··· Material provided ···

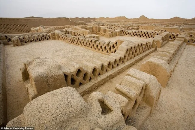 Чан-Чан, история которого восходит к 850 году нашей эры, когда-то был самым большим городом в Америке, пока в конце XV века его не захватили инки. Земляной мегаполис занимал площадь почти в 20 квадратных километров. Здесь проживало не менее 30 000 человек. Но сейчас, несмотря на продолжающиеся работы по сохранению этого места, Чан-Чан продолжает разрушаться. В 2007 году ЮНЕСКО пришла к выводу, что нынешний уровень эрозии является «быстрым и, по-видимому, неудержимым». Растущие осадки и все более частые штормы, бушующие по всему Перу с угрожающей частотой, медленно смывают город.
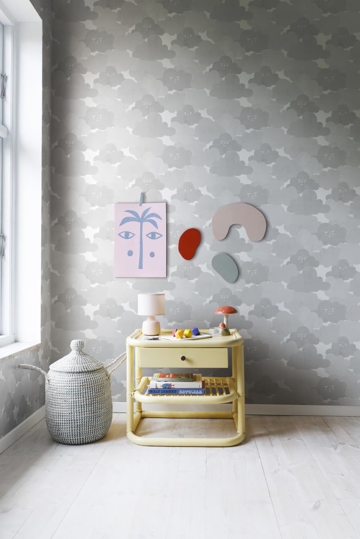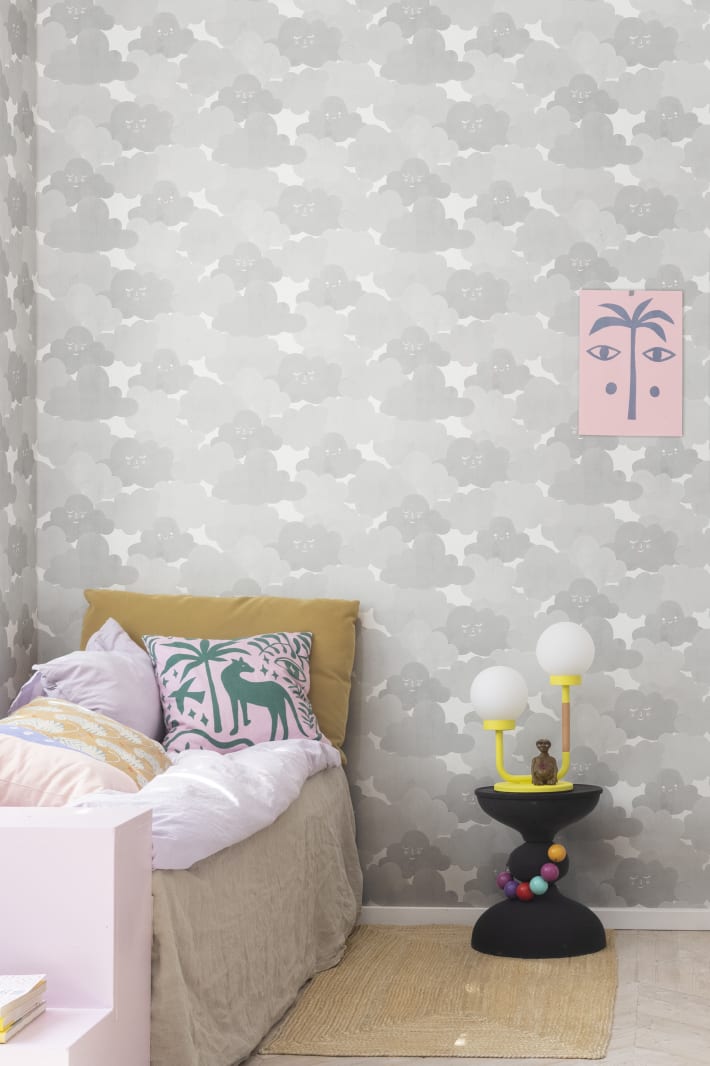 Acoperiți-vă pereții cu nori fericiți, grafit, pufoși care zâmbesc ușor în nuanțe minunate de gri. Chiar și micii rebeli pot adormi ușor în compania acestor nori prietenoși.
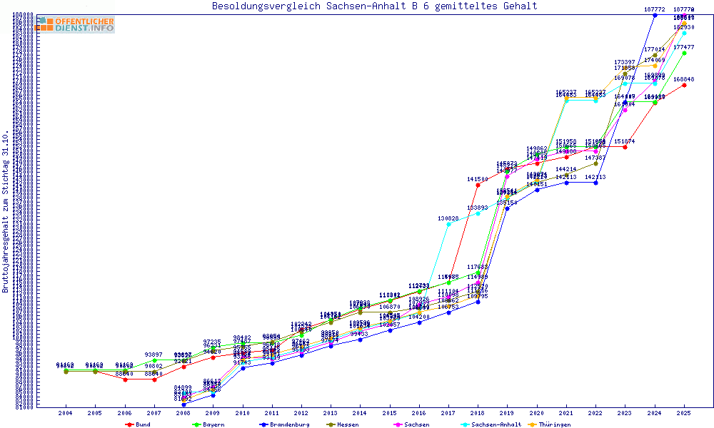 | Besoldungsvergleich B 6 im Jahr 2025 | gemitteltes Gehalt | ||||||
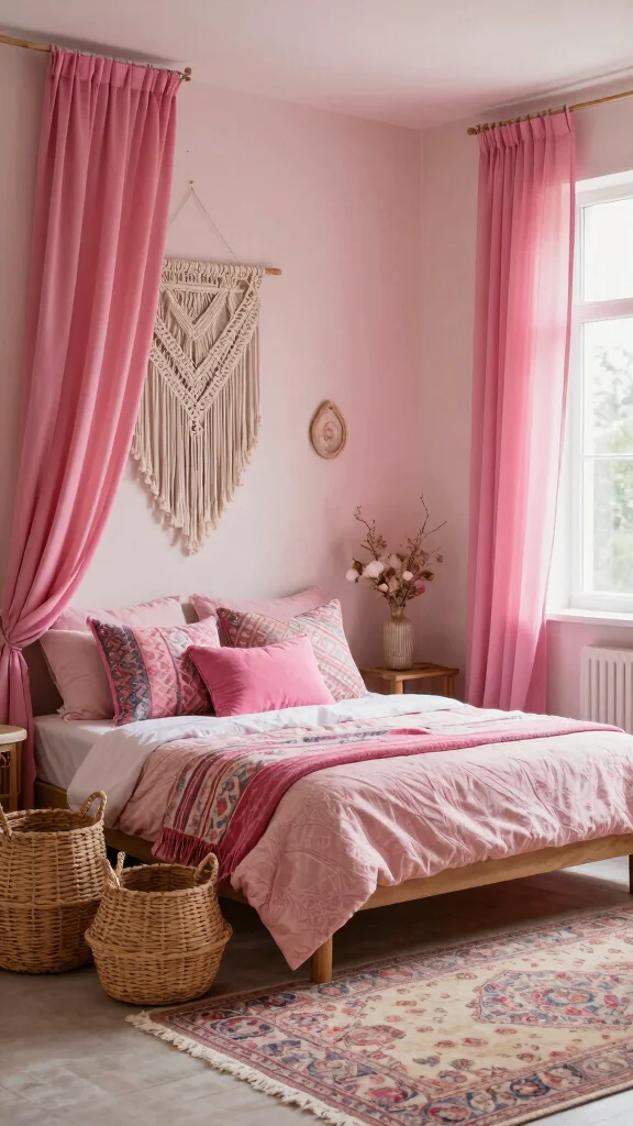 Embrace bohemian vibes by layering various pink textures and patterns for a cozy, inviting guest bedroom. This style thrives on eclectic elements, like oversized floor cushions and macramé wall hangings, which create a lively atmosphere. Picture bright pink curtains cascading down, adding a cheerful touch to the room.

···
··· Material provided ···

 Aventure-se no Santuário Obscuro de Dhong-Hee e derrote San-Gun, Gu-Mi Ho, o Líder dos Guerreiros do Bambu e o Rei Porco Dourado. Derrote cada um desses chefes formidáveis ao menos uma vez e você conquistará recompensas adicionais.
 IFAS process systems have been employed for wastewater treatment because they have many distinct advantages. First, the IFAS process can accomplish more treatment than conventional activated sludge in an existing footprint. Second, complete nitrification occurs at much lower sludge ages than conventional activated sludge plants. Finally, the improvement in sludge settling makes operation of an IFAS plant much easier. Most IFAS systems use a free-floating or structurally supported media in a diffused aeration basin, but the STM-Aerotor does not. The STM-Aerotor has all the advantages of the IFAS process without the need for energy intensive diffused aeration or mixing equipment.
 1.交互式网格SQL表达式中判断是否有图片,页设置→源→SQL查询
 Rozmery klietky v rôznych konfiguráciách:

···

In the listing above, find the line containing "Aventure-se no Santuário" and the line containing "Rozmery klietky v". Output them and every line between, exactly, and nothing else.

▶ Exercise result
 Aventure-se no Santuário Obscuro de Dhong-Hee e derrote San-Gun, Gu-Mi Ho, o Líder dos Guerreiros do Bambu e o Rei Porco Dourado. Derrote cada um desses chefes formidáveis ao menos uma vez e você conquistará recompensas adicionais.
 IFAS process systems have been employed for wastewater treatment because they have many distinct advantages. First, the IFAS process can accomplish more treatment than conventional activated sludge in an existing footprint. Second, complete nitrification occurs at much lower sludge ages than conventional activated sludge plants. Finally, the improvement in sludge settling makes operation of an IFAS plant much easier. Most IFAS systems use a free-floating or structurally supported media in a diffused aeration basin, but the STM-Aerotor does not. The STM-Aerotor has all the advantages of the IFAS process without the need for energy intensive diffused aeration or mixing equipment.
 1.交互式网格SQL表达式中判断是否有图片,页设置→源→SQL查询
 Rozmery klietky v rôznych konfiguráciách:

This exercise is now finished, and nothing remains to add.